Task
Below this line are records; write out exactly the lines from the one containing "After Faro, we" through the one containing "DEENAKIN for iPhone", with the pictures left out.

--- Listed entries Enclosed Below ---

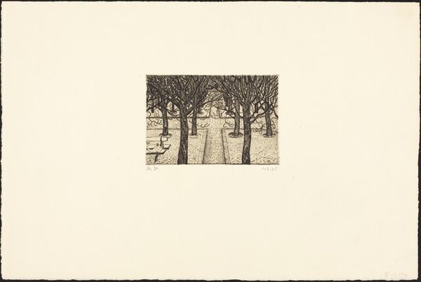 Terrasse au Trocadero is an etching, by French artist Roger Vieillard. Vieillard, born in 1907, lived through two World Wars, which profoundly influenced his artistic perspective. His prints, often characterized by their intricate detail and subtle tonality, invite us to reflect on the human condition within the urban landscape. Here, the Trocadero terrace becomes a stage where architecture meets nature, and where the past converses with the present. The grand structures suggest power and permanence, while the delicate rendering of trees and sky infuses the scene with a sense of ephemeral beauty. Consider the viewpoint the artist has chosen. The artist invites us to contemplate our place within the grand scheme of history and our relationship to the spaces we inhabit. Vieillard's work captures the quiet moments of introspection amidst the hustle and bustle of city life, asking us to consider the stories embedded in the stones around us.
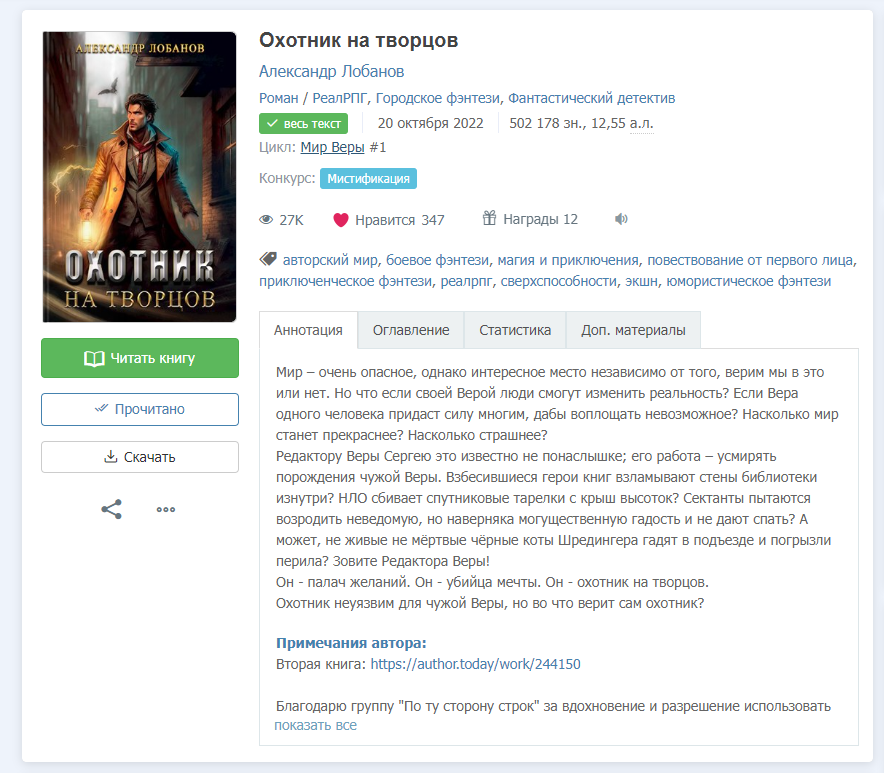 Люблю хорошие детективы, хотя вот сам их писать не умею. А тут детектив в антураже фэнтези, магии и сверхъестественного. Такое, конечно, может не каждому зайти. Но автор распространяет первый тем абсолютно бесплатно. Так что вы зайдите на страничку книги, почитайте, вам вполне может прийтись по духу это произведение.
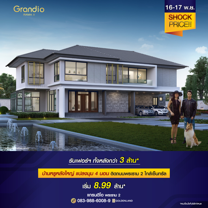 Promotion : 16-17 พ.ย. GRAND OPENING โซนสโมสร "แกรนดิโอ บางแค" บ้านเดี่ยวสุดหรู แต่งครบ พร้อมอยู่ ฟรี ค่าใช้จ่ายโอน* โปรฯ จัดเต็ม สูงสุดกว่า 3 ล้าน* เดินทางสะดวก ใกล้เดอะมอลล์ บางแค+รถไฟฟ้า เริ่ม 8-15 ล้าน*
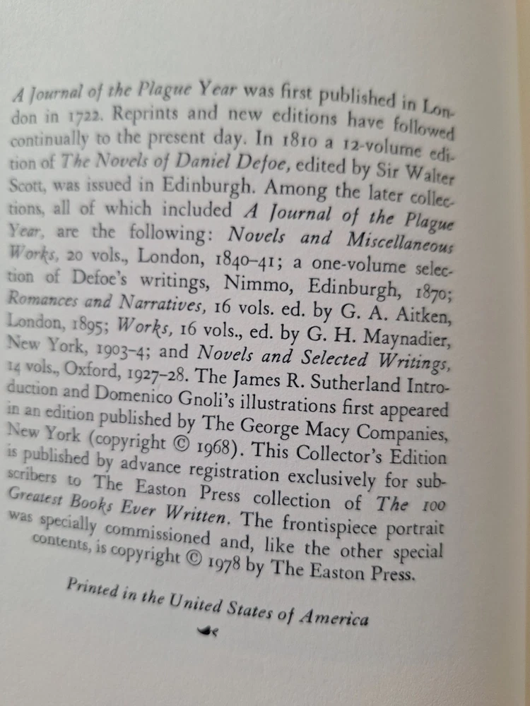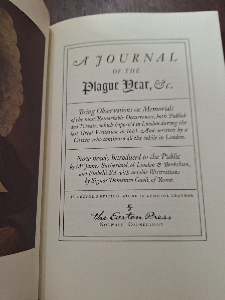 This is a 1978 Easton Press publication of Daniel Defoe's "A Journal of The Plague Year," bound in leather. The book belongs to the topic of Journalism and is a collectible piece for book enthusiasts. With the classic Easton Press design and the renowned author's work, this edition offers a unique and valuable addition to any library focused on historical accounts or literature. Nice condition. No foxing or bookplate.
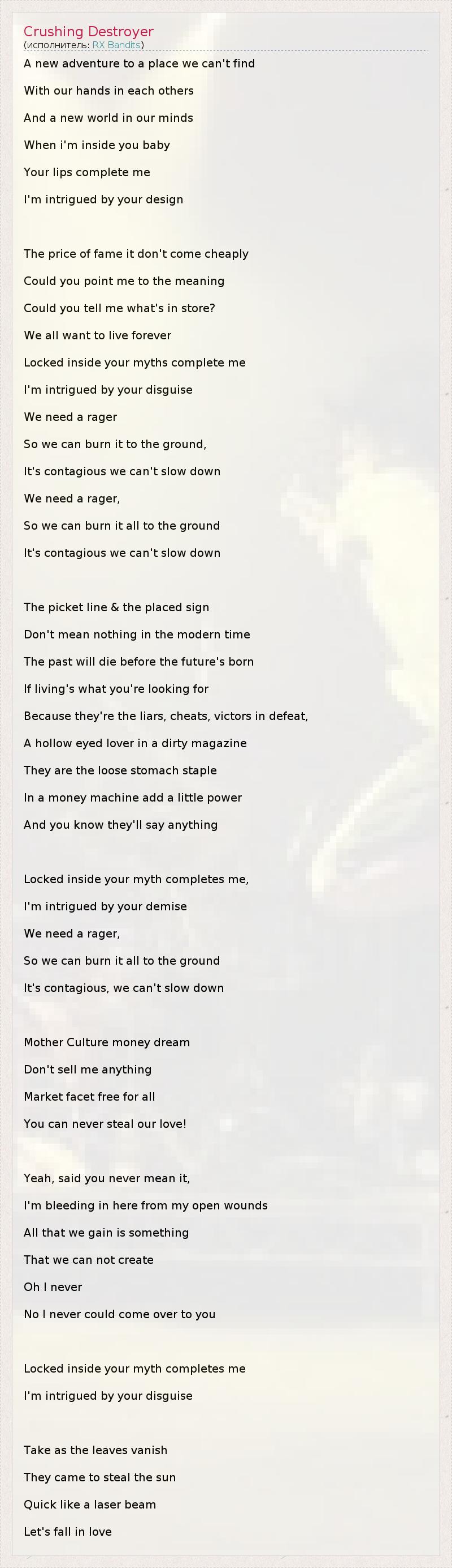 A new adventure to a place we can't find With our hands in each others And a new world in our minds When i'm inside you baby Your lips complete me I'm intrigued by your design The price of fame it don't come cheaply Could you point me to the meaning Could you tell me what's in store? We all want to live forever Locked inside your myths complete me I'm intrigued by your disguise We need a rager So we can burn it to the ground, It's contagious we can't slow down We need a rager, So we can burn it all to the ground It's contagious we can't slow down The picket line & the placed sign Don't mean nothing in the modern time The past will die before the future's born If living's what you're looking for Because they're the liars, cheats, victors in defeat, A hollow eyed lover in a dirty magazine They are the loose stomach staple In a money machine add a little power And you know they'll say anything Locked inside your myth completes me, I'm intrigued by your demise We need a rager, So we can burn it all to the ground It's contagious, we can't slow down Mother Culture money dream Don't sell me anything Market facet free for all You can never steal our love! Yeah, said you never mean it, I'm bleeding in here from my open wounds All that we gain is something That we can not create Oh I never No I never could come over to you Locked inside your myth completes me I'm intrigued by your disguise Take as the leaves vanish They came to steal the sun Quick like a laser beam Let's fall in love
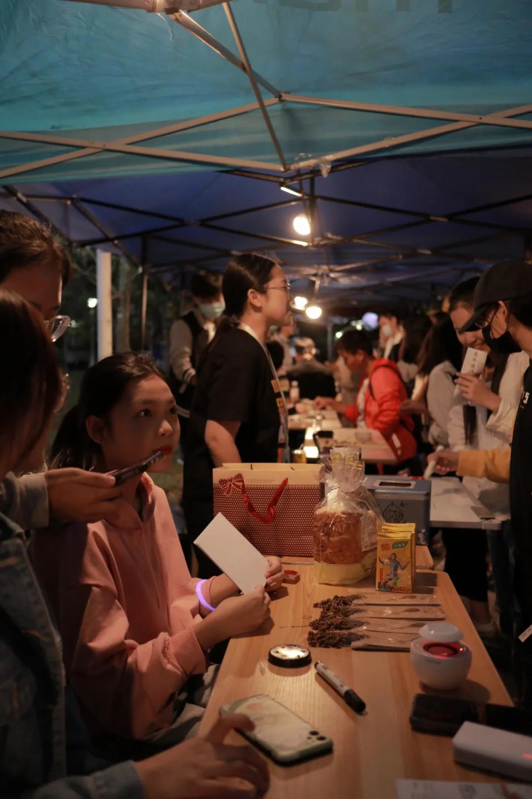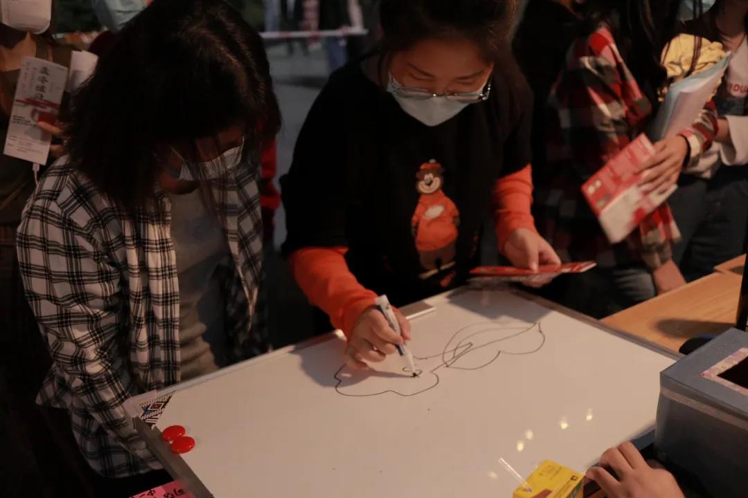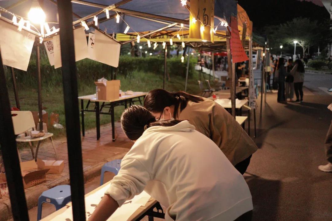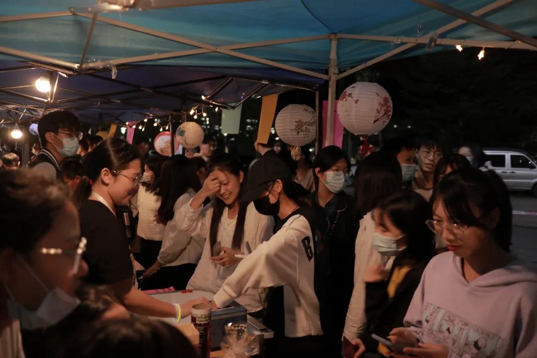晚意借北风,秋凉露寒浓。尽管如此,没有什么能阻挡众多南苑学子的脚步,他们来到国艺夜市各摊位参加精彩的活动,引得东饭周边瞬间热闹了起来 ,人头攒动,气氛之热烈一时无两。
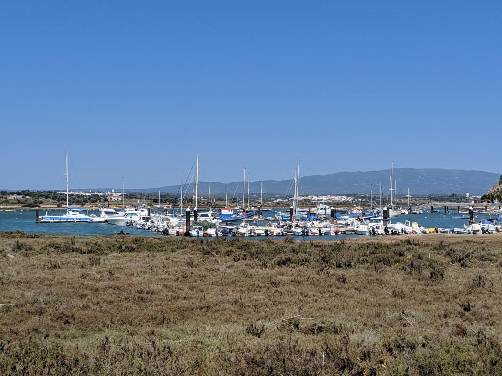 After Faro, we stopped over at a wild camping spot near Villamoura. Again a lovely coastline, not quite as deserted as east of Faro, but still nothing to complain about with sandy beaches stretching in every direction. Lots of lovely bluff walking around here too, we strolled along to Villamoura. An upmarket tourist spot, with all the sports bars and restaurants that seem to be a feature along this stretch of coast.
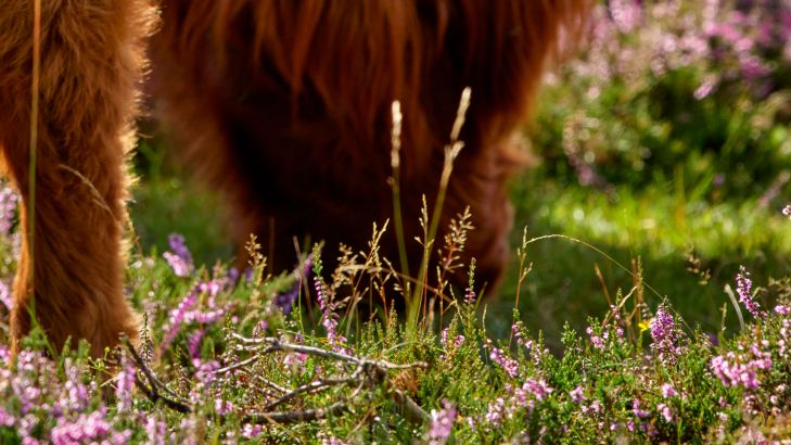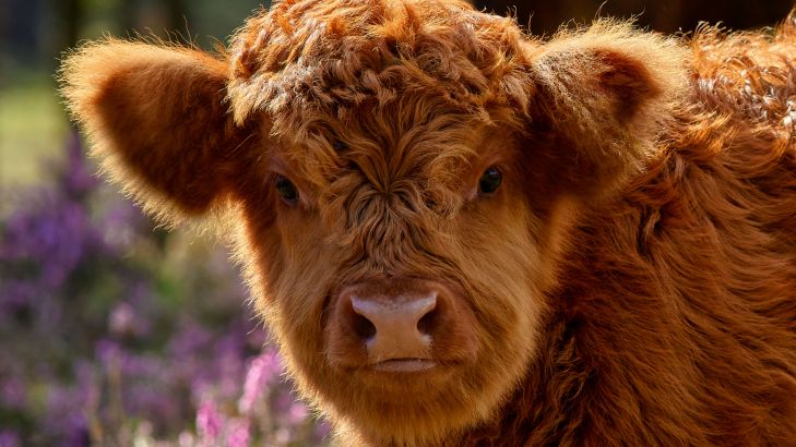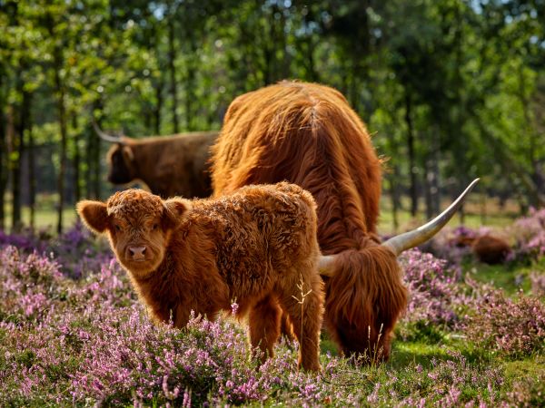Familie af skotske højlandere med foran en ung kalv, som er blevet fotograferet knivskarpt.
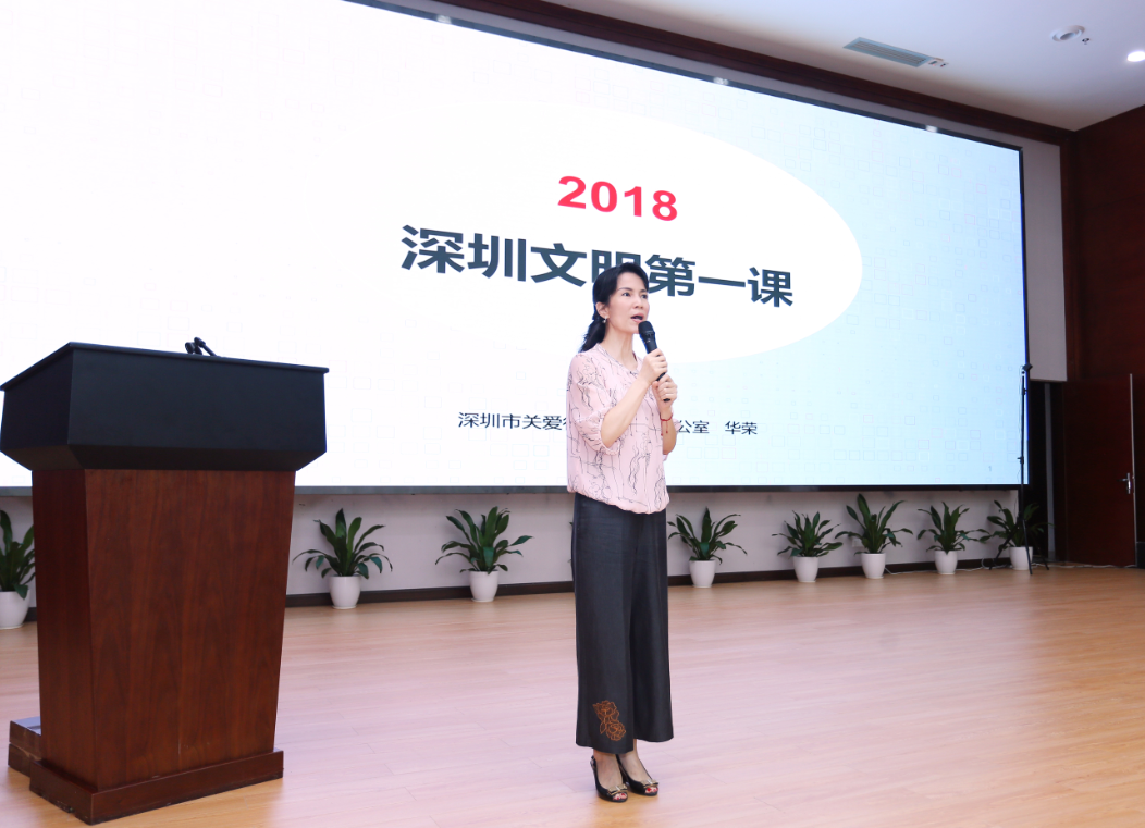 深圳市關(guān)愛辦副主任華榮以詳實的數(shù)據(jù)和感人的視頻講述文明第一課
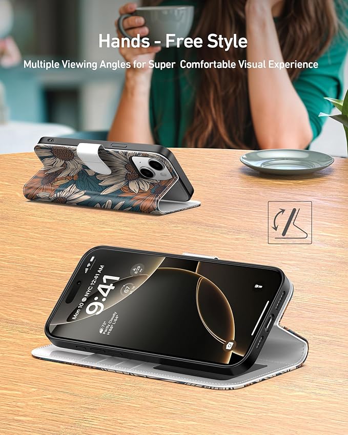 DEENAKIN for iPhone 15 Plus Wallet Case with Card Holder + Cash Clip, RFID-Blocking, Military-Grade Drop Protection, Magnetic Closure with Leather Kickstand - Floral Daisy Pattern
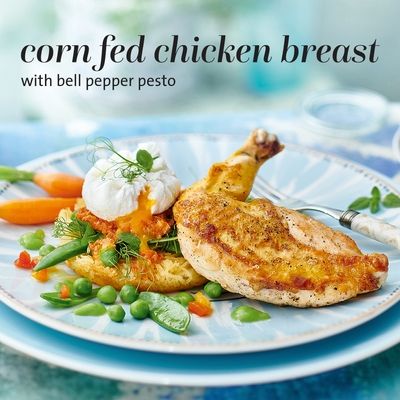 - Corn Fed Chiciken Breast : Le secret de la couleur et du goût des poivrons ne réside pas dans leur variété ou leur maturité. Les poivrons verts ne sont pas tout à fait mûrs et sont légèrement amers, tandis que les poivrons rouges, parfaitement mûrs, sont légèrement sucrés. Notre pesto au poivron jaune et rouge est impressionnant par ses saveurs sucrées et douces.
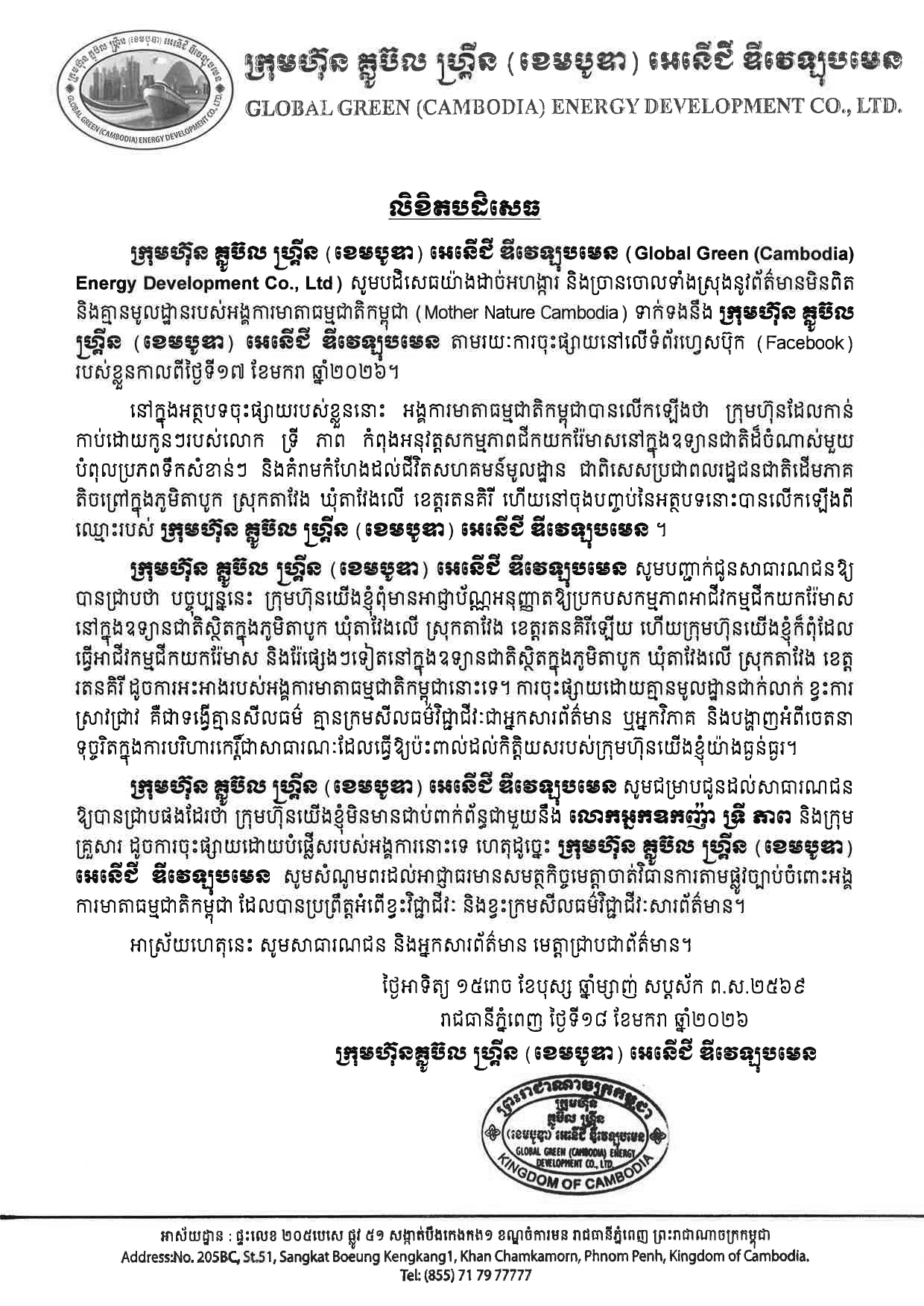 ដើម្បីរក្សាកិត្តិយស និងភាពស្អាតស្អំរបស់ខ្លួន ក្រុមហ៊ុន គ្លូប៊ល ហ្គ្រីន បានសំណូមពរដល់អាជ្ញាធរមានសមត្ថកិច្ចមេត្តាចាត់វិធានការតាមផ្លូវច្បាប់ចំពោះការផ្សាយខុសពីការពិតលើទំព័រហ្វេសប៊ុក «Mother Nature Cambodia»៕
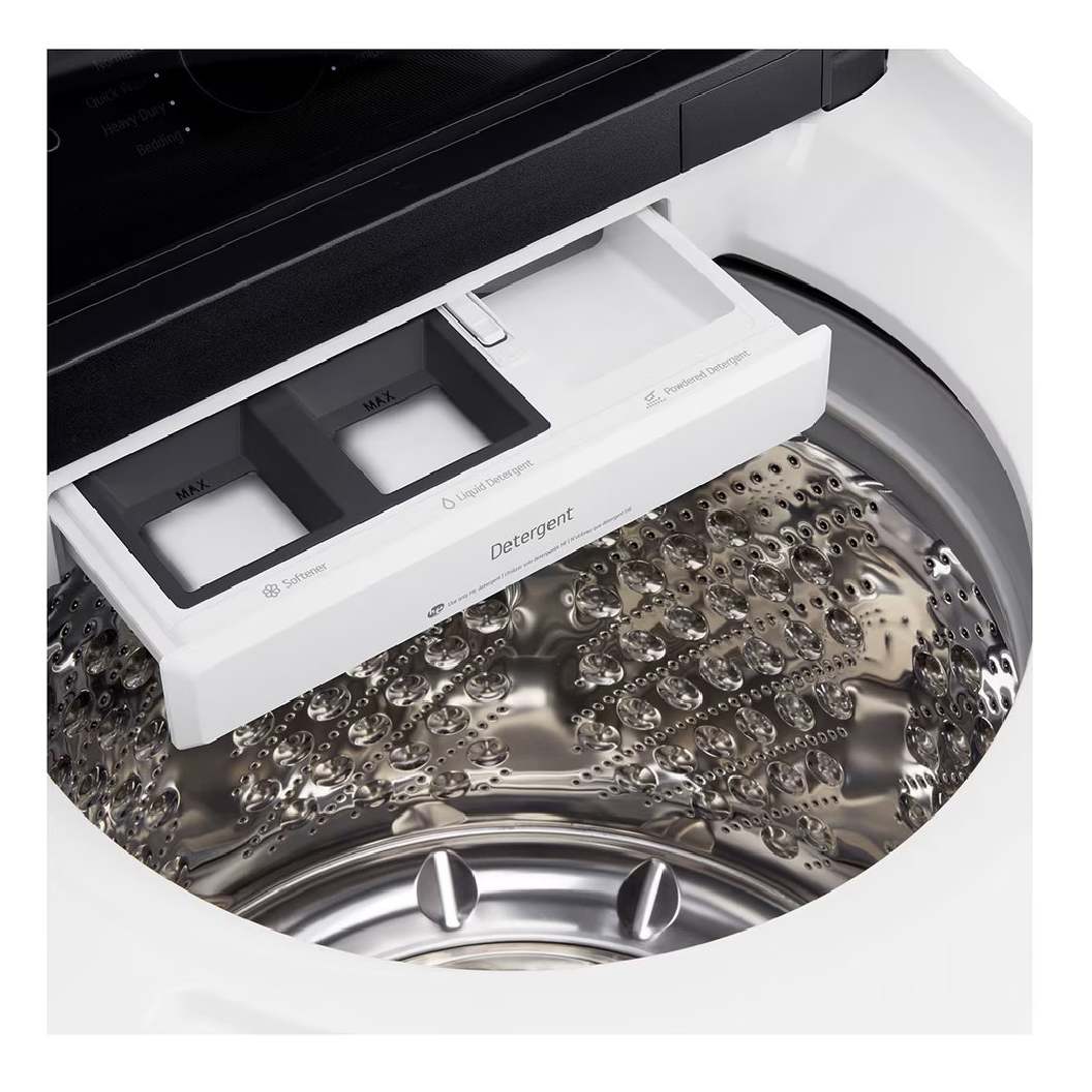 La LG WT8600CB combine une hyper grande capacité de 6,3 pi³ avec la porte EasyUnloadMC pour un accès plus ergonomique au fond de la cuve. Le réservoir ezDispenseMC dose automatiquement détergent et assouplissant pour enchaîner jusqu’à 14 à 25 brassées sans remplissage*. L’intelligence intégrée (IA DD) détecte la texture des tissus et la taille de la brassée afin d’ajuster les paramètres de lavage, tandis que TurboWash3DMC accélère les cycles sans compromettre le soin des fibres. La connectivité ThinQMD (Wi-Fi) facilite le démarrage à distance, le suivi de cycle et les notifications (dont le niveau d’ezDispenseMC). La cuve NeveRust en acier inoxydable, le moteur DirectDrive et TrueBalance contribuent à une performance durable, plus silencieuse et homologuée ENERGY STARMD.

--- End of Enclosed Listed entries ---

Answer to this problem
 After Faro, we stopped over at a wild camping spot near Villamoura. Again a lovely coastline, not quite as deserted as east of Faro, but still nothing to complain about with sandy beaches stretching in every direction. Lots of lovely bluff walking around here too, we strolled along to Villamoura. An upmarket tourist spot, with all the sports bars and restaurants that seem to be a feature along this stretch of coast.
Familie af skotske højlandere med foran en ung kalv, som er blevet fotograferet knivskarpt.
 深圳市關(guān)愛辦副主任華榮以詳實的數(shù)據(jù)和感人的視頻講述文明第一課
 DEENAKIN for iPhone 15 Plus Wallet Case with Card Holder + Cash Clip, RFID-Blocking, Military-Grade Drop Protection, Magnetic Closure with Leather Kickstand - Floral Daisy Pattern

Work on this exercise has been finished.